2 cups cooked Riceland Extra Long Grain Rice
1 8-ounce package cream cheese, softened
1 12-ounce can strawberry pie filling
1 cup powdered sugar
1 13-ounce carton frozen whipped topping, thawed
1 6-ounce package coconut instant pudding
3 cups milk
1 cup coconut flakes, toasted
1/4 cup chopped nuts
In a small mixing bowl, combine the rice and 1/3 of the cream cheese. Stir with a rubber spatula until well-combined. Spread mixture into the bottom of a 13x9-inch pan or baking dish. Top with the strawberry pie filling and chill for 30 minutes.
Meanwhile, in a medium mixing bowl combine the remaining cream cheese and powdered sugar, stirring until smooth. Fold in half of the whipped topping, mixing until well-combined. Spread mixture on top of strawberry pie filling.

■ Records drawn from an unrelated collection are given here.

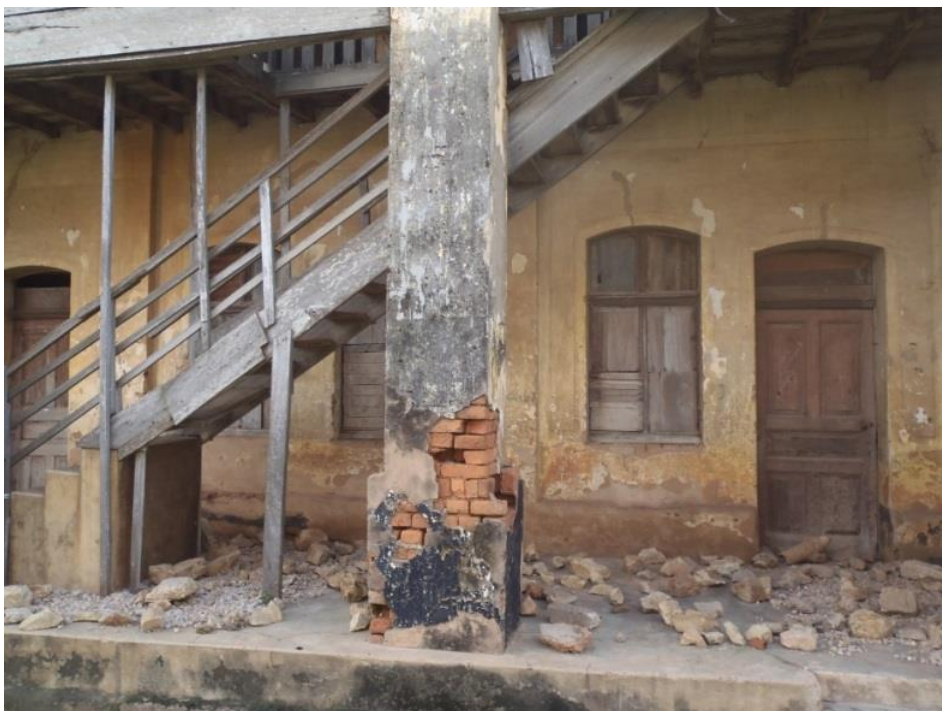
Frontalansicht auf eine der beiden Ruinen.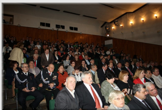
Sala widowiskowa GOK, SiT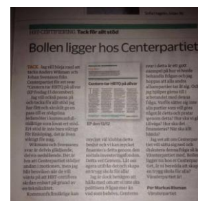
Så kan en insändare se ut. Här Per Markus om HBT-certifiering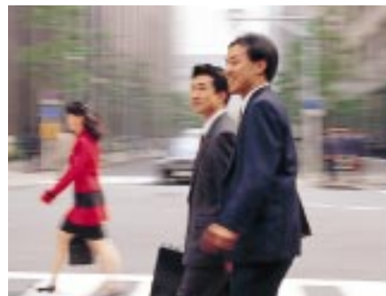
当行公募公社債引受・受託状況(平成10年度発行分)

また、国際機関や外国政府・政府機関が発行する多くの円建外債の代表受託銀行・債券の管理会社としても豊富な実績を有しております。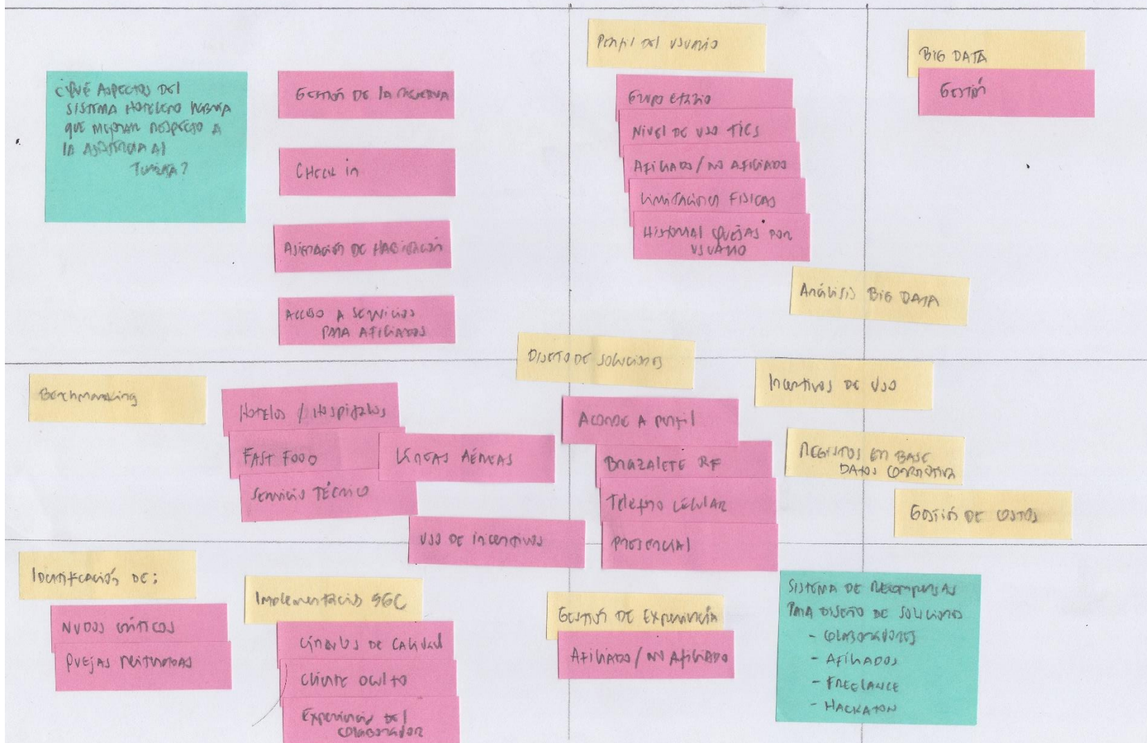
DIAGRAMA DE ACTIVIDAD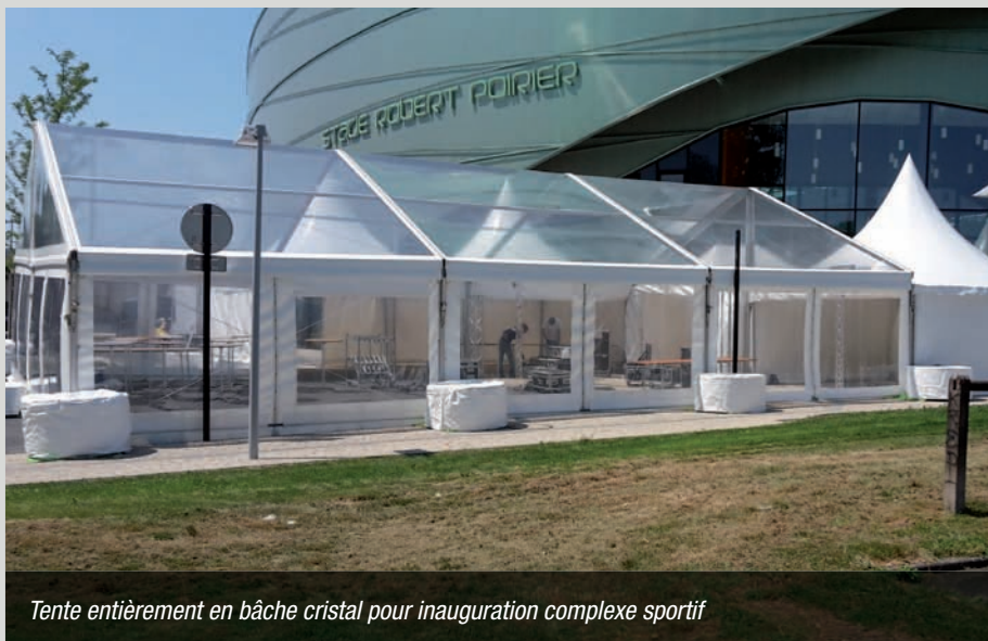
Tente entièrement en bâche cristal pour inauguration complexe sportif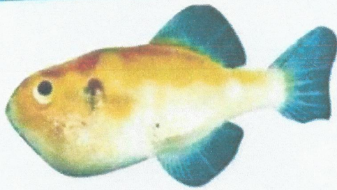
ត្រីត្រពតបៃតង (Max. 13 cm) Auriglobus nefastus Greenbottle pufferfish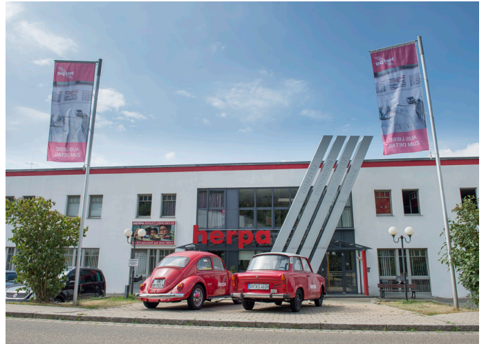
Herpa-Zentrale in Dietenhofen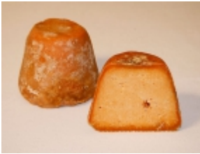
Afuega'l pitu 12,69 €

El queso Afuega'l pitu es un producto típico de la región de Pravia, Cornellana, Salas, Morcón, Proaza y Ambás, parte centro-occidental de Asturias (Asturias). [Detalle del Producto...]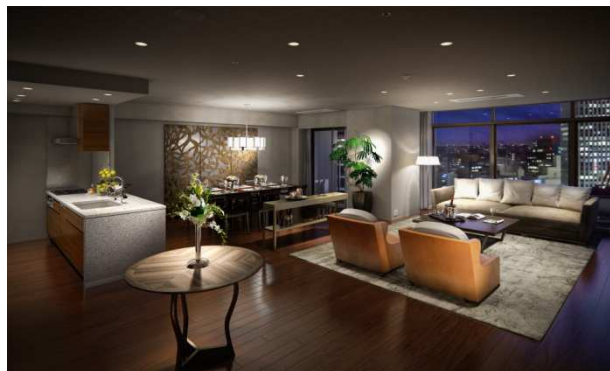
【Premium Class 170A タイプ LD 完成予想 CG】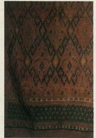
ผ้ารุ่งนาค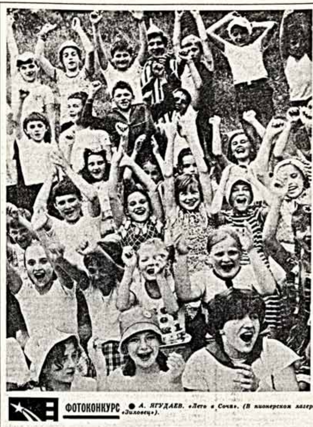
ФОТОКОНКУРС ● А. ИГУДАЕВ. «Лето в Сочи». (В пионерском лагере «Золотце»).

При старке очень устают спина. Знаете, необходимая гимнастика. Прогимнастик, наклонившись вперед. Затем — несколько поворотов головы. На очереди — наклоны вправо, влево, вперед, назад. Все движения должны быть плавными, ни в коем случае не делайте их резко, рывками.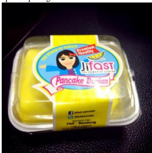
Gambar 1. Produk Jifast Pancake Durian

Contoh sampel produk dalam penelitian ini ditampilkan pada gambar 1.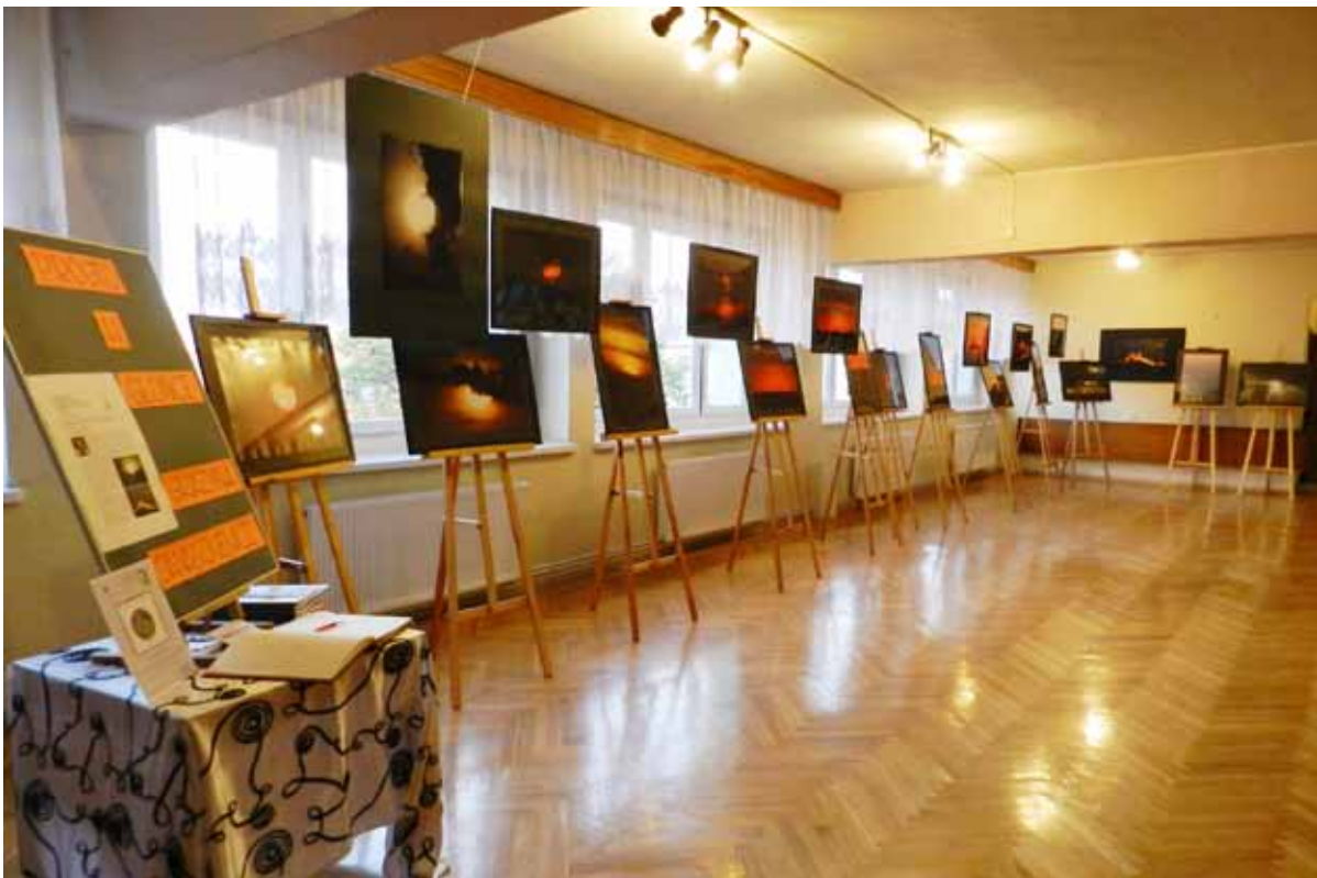
Wystawa składa się z 20 zdjęć przedstawiających zachody Słońca, sfotografowane z mieszkania położonego na 16 ptr.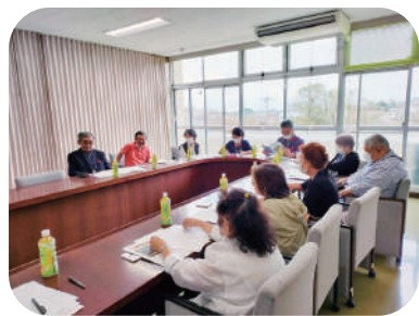
他地区民児協との交流を深めました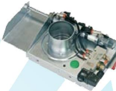
Automatická klapka na stlačený vzduch SBBB. 2-3 mm elektrogalvanizovaná oce .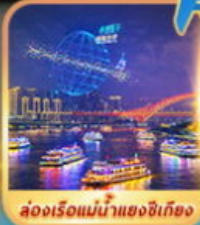
ล่องเรือแม่น้ำแยงซีเกียง

Mix together the pudding and milk and beat until thick. Spread mixture on top of the cream cheese mixture. Spread remaining whipped topping on top of pudding.
Refrigerate dessert at least 1 hour or up to 12 hours. Top with the toasted coconut and chopped nuts before serving.
TIP: Swap out the strawberry pie filling for apple or blueberry pie filling for a new twist on this dessert!